Embedded REST web server on UDOO

Let's now switch to the UDOO side. The UART can be accessed in hardware using the pin TX0 (refer to the Pinout Diagram ) which corresponds to the PIN 1 of standard Arduino shields. From the software side, the UART is visible as a standard TTY, /dev/ttymxc3

I choose to develop the web-service in C. It makes it possible to reuse the same code whether you are running either Android or Linux (the UDOO board supports both).

The web-service should be run as part of initrc on Android or daemontools on Linux. See this CL as an example. Try not to run it as root: there is no need for that and is frightening from a security viewpoint. Just chown the serial TTY to an unpriviledged user using udev rules).
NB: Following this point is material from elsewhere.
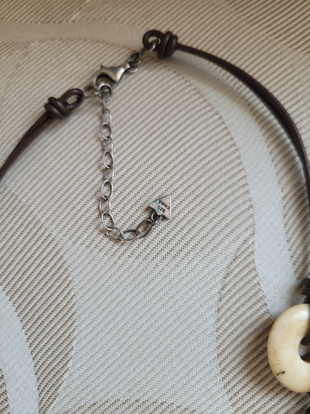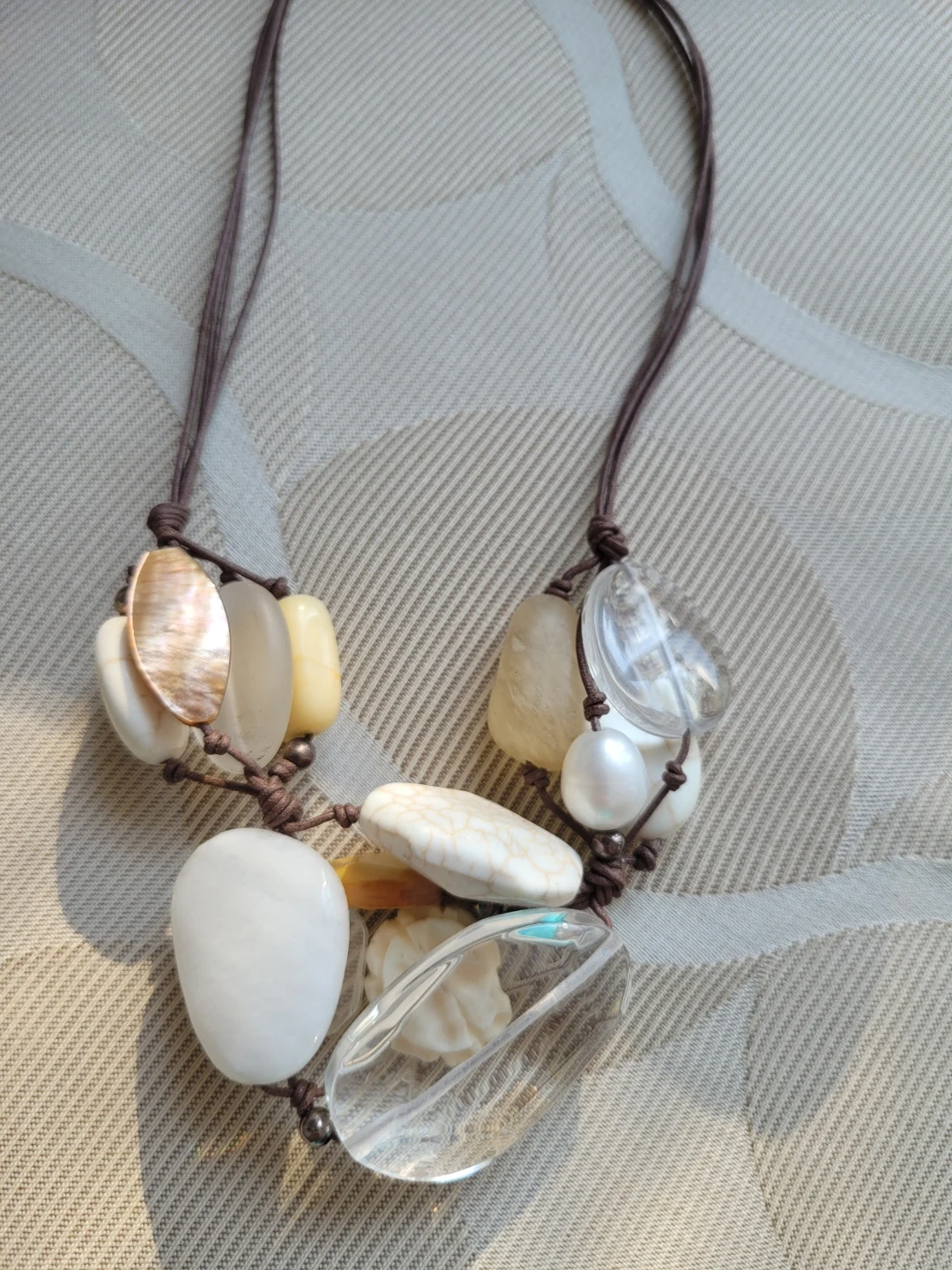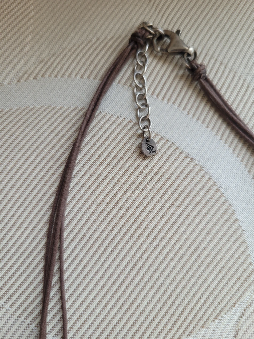 Features unique stones turquoise, tiger's eye, yellow stones, and various wood and shell elements. Includes a lobster clasp and 2' extension chain. All have trademark arrowhead.

Accessing the /dev/ttymxc3 serial port

The way to go to access the serial, in C / Linux, is using libtermios:

#include <sys/stat.h>
#include <sys/types.h>
#include <termios.h>
#include <unistd.h>

static uint8_t dimmer_values[4];  // Brightness for each channel (0-255).


static int update_dimmers(void) {
  uint8_t i;
  int fd = open(tty, O_RDWR | O_NOCTTY | O_NDELAY);
  if (fd < 0) {
    perror("Cannot open tty");
    return -1;

  struct termios tio;
  if(tcgetattr(fd, &tio) < 0) {
    return -1;

  tio.c_cflag &= ~(IGNBRK | BRKINT | ICRNL |
                    INLCR | PARMRK | INPCK | ISTRIP | IXON);
  tio.c_oflag = 0;
  tio.c_lflag &= ~(ECHO | ECHONL | ICANON | IEXTEN | ISIG);
  tio.c_cflag &= ~(CSIZE | PARENB);
  tio.c_cflag |= CS8;

  if(cfsetispeed(&tio, B2400) < 0 || cfsetospeed(&tio, B2400) < 0) {
    return -1;

  if(tcsetattr(fd, TCSAFLUSH, &tio) < 0) {
    return -1;

  // Update the four dimmer channels.
  uint8_t buf[sizeof(dimmer_values)];
  for (i = 0; i < sizeof(dimmer_values); ++i) {
    const uint8_t value = 0x3F - ((dimmer_values[i] >> 2) & 0x3F);
    buf[i] = value | (i << 6);
  write(fd, buf, sizeof(buf));
  return 0;

What we are going to do now, is writing a web-service which raises the abstraction level and encapsulates the UART wire protocol with the PIC, exposing that through a RESTful web service. The API is going to be super simple:

Get the current state of a dimmer

GET /dimmer/0 HTTP/1.1
HOST: udoo:8080

HTTP/1.1 200 OK
Content-Type: text/plain

255  # The light is fully on

Set the brightness of a dimmer

POST /dimmer/0 HTTP/1.1
HOST: udoo:8080
Content-Length: 2

10  # Set the light almost off

(The actual web-service I wrote has two extra endpoints for some digital I/O lines. I am not going to comment them in this post as they are absolutely trivial and similar to the dimmer ones).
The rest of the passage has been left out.